The project will exploit the availability of large ensembles and long runs of leading climate models, including state-of-the-art models used by the UK Met Office (Exeter) and the EC-Earth model, which is based on the European Centre for Medium-range Weather Forecasts (Reading) forecast model and used for climate prediction in several countries. Instead of focusing on long-term projections, as much of the “climate impacts” literature does, this project will focus on the present. The idea is to represent the present climate probabilistically, based on model ensembles that represent alternative realizations of the climate, all consistent with the present composition of the atmosphere. This work will also quantify climate 5-10 years into the future. This can be done with reasonable confidence because different scenarios of future carbon emissions do not produce noticeably divergent climates until 20 or more years hence.
The other key element of this research will be a global wildfire model. Current “process-based” vegetation-fire models are based on a still-limited quantitative understanding of the processes, and do not perform to the standard required. On the other hand, remotely sensed data on fire occurrence, burnt area and fire radiative power are abundant, publicly available, and improving. Empirical models can therefore be developed, relating wildfire (as seen from space) to its multiple controls. The Figure (left) shows an example based on annual burnt-area statistics on a coarse (0.5˚C) global grid. The panels are partial residual plots based on a generalized linear model.
By combining probabilistic modelling of both climate and wildfire, this project is therefore expected to achieve a substantial advance in the state of global fire modelling; while also providing a proof-of-concept for a new scientific approach to the quantification of this increasingly important risk.
Training opportunities:
The student will be embedded in the Leverhulme Centre for Wildfires, Environment and Society and have the opportunity of regular interdisciplinary science meetings and training with the cohort of fire scientists working in the Centre.

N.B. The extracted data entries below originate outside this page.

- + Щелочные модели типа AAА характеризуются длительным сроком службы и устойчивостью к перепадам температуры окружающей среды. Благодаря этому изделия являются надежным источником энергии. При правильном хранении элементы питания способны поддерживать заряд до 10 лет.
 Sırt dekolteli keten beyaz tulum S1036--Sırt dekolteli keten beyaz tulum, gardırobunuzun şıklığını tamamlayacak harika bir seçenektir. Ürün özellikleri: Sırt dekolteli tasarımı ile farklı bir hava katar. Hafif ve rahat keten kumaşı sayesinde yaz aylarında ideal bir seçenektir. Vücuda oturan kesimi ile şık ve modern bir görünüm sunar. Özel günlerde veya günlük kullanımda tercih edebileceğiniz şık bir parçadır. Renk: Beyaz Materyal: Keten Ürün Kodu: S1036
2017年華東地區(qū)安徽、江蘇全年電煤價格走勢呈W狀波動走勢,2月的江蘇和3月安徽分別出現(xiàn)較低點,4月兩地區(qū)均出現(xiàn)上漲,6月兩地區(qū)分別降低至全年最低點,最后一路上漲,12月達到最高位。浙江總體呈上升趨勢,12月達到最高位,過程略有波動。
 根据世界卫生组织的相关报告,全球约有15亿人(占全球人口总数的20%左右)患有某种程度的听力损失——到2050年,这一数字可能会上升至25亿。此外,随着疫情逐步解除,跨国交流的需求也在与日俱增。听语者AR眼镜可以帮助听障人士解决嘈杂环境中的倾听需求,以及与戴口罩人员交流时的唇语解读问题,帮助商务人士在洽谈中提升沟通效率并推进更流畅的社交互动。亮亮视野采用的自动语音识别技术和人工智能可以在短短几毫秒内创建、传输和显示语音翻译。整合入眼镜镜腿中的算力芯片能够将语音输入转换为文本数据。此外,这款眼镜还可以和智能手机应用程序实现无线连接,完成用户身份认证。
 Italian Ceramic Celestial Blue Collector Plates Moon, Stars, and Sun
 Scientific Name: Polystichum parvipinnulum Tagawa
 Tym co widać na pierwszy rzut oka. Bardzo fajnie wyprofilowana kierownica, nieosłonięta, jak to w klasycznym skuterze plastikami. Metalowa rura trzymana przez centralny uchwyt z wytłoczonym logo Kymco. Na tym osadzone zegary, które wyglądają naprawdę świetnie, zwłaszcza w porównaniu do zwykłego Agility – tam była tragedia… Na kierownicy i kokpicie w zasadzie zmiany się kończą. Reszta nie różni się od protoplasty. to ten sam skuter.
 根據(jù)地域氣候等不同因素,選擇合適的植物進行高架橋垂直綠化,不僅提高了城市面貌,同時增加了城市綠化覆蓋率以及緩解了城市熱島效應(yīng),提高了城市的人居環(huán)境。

More specifically, they will join a growing cohort of wildfire modellers, some working in cooperation with the UK Met Office, who exchange experience through (and outside) of the Centre’s monthly Earth Systems Fire Group meetings.
The student will have access through the Centre to world-leading capability in the remote sensing of fire (Martin Wooster’s group at Kings College London) and data science. Rosella Arcucci’s group in the Data Science Institute at Imperial College includes a new activity on wildfire data assimilation.

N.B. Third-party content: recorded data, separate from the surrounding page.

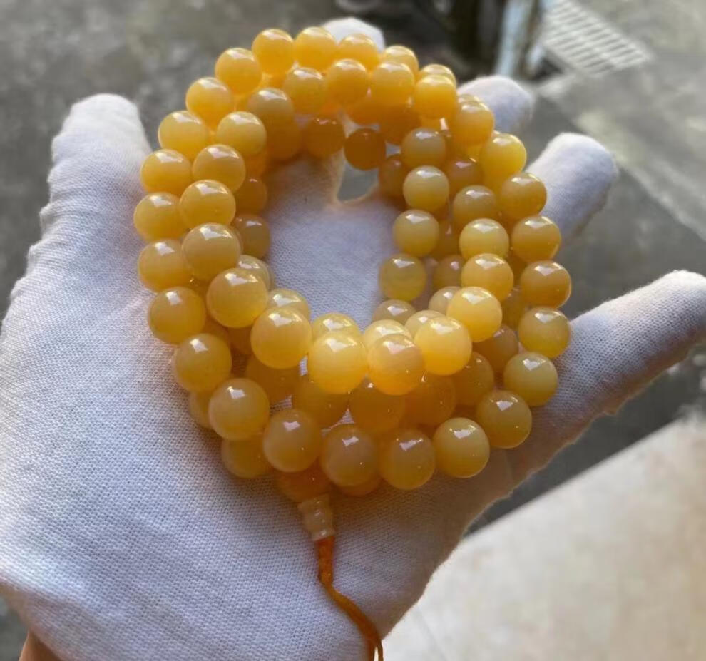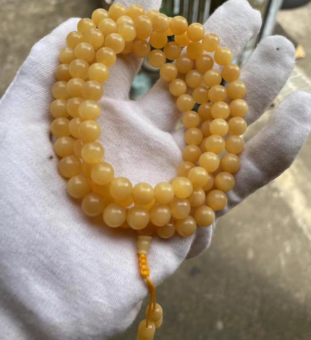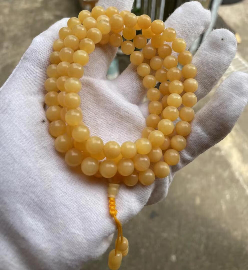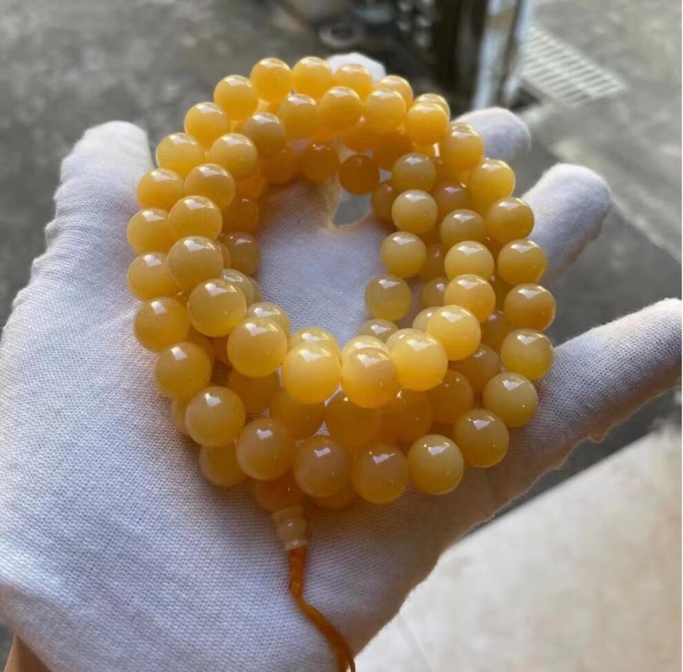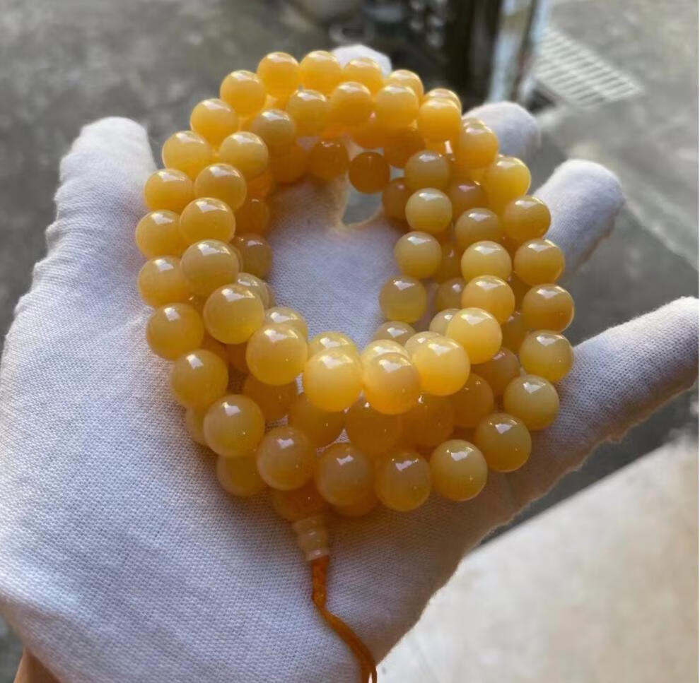 Knock Knock Love Hainan Shell Bracelet 108 Necklace Buddhist Bracelet Natural Chicken Fat Yellow Xinjiang Gold Silk White Jade Bead Chain for Men and Women 8mm Dark Yellow Single Circle 22 Flawless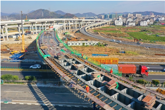 12月6日,甬台温高速至沿海高速温岭联络线大溪枢纽处,建设者正在大溪互通拓宽段钢厢梁上施工。随着跨甬台温高速段钢厢梁的成功架设,“两高”联络线将实现全线贯通,为春节前通车打通最后一个卡点。“两高”联络线通车后,不仅在温岭境内将甬台温高速和沿海高速连接成网,还将与台金高速形成台州环城高速,促进区域交通一体化,带动沿海产业带发展。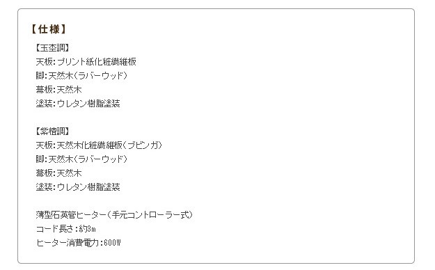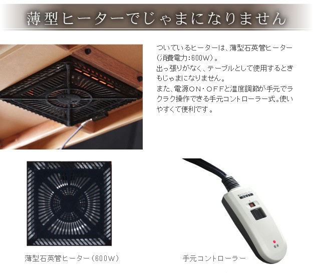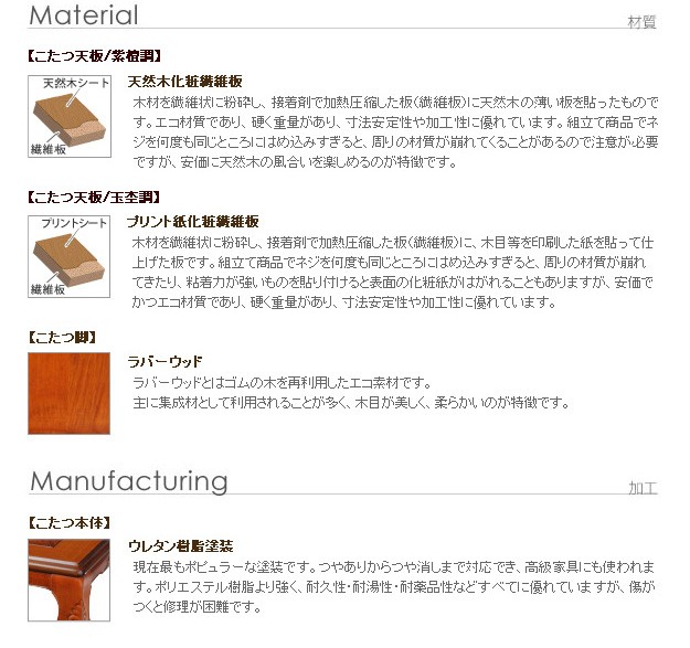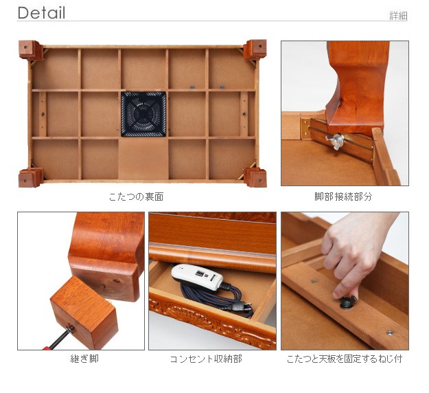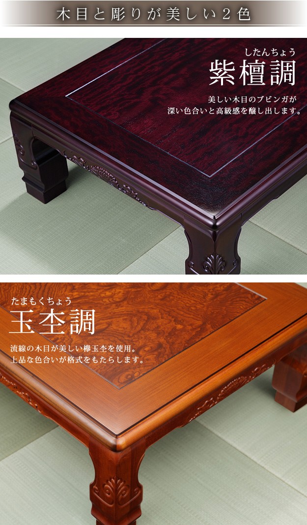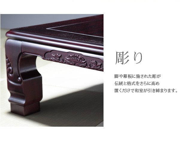 商品について:ボリュームのある脚と幕板に彫りを施した日本製の和調こたつ。美しい木目と上品な色合いは高級感があります。継ぎ脚がついているので、座布団・座椅子など使うものに合わせて高さ調節していただけます。

Since the project is partially funded from the Land Ecosystem Models based On New Theory, obseRvations, and ExperimEnts (LEMONTREE) project, an international consortium working on new approaches to modelling the terrestrial biosphere, the student will also attend monthly (virtual) science meetings of that project and thereby interact with ecosystem scientists, including a large cohort of PhD students, in seven countries.

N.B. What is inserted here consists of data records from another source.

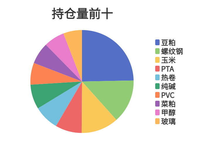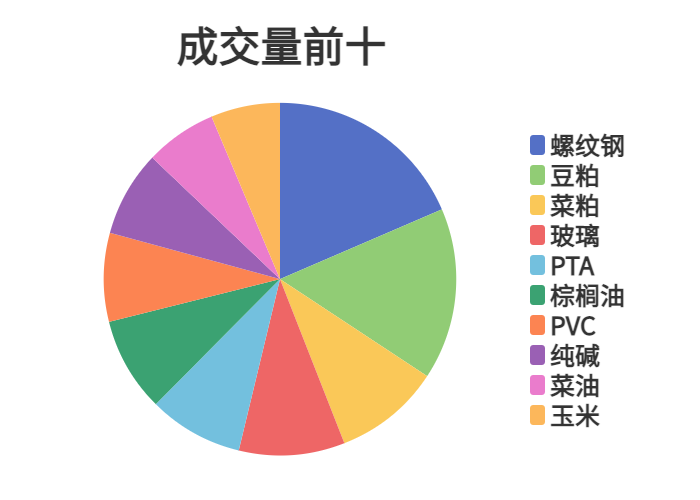 市场成交量前十和持仓量前十如下图所示: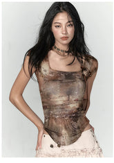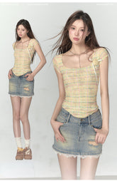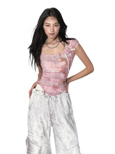 Pink & Yellow & Black Fitted Plaid Square Neck Top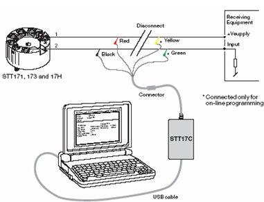 The STT17C configures the STT171, STT173 and STT17H temperature transmitters. The intuitive graphical user interface of the STT17C virtually eliminates the need for operator training after installation on a PC. The STT17C includes all software and transmitter interface hardware necessary to configure the STT171, STT173 and STT17H in non-hazardous work environments.
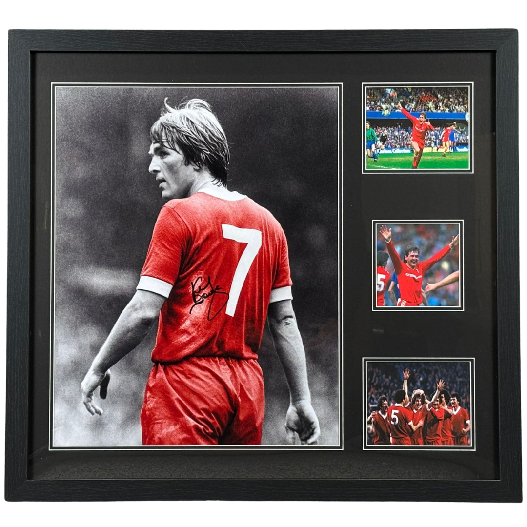 The striking main image captures Dalglish in action, with his autograph prominently displayed, surrounded by vibrant photographs celebrating his unforgettable moments and triumphs in Liverpool red. Every detail in this presentation reflects the pride and passion synonymous with both Dalglish and the club he defined.
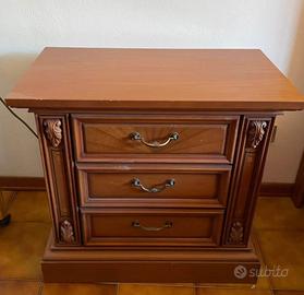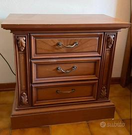 Comodini camera da letto altezza:64 cm larghezza: 67 cm profondità:36,5 Tre cassetti, buono stato, color marrone scuro Il prezzo é per entrambi

The PhD programme will include a three-month secondment to AXA XL, where the student will develop context for the implications of the work for (re-)insurance, and present project findings.
Student profile:
This project requires, above all, well-developed quantitative skills, including a good mathematical background, competence in programming in R or Python, and applications of statistical and/or machine learning software. Applicants should hold or expect to gain a minimum of a 2:1 Bachelor Degree, Masters Degree with Merit, or equivalent in physics, engineering, applied mathematics, meteorology, economics or associated subject.
To apply, please follow the instructions at https://research.reading.ac.uk/scenario/apply/
Funding Notes
Due to UKRI rules, the DTP can only fund a very limited number of international students. We will only consider applications from international students with an outstanding academic background placing them in the top 10% of their cohort.